WHAT YOU NEED TO DO |
Copy nothing but the text: reproduce each line of the listing exactly and leave the pictures out.

DATA PROVIDED |
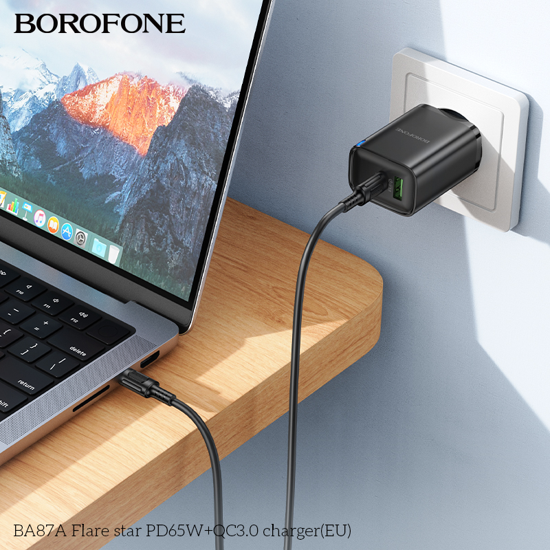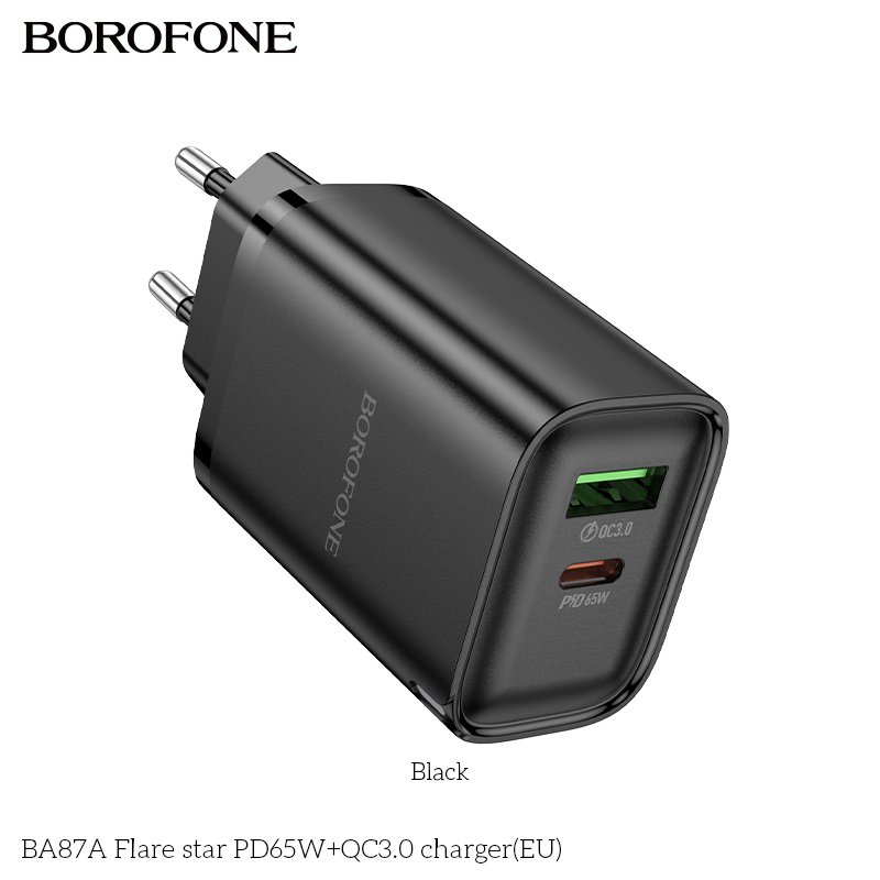 2. Đầu ra: USB-C: 65W (PD/QC/FCP/AFC); USB-A:18W(QC/FCP/AFC); USB-C+USB-A=45W+18W 3. phích cắm EU 4. Kích thước: 91,8 * 42,3 * 30mm; Trọng lượng: 93g 5. Cáp: BX111 C đến C 100W, màu đen pha đen/trắng pha trắng, chiều dài cáp L=1.0M, tổng trọng lượng: 118g
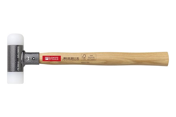 MALLETS Fuller, more precise strike PB Swiss Tools mallets are available with and without recoil. They are extremely rugged and unique in construction: The handles are made of FSC® certified hickory wood or of premium fiberglass. Their dimensions are adapted to the weights of the mallet heads. They are better balanced in the hand than normal standard shafts. Dead-blow mallets |
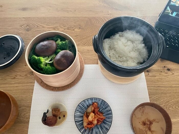 さらに、お味噌汁、キムチ、梅干しもズラリ。彩り豊で健康的な“あさめし”になっています。

RESULT FOR THIS EXERCISE |
 2. Đầu ra: USB-C: 65W (PD/QC/FCP/AFC); USB-A:18W(QC/FCP/AFC); USB-C+USB-A=45W+18W 3. phích cắm EU 4. Kích thước: 91,8 * 42,3 * 30mm; Trọng lượng: 93g 5. Cáp: BX111 C đến C 100W, màu đen pha đen/trắng pha trắng, chiều dài cáp L=1.0M, tổng trọng lượng: 118g
 MALLETS Fuller, more precise strike PB Swiss Tools mallets are available with and without recoil. They are extremely rugged and unique in construction: The handles are made of FSC® certified hickory wood or of premium fiberglass. Their dimensions are adapted to the weights of the mallet heads. They are better balanced in the hand than normal standard shafts. Dead-blow mallets |
 さらに、お味噌汁、キムチ、梅干しもズラリ。彩り豊で健康的な“あさめし”になっています。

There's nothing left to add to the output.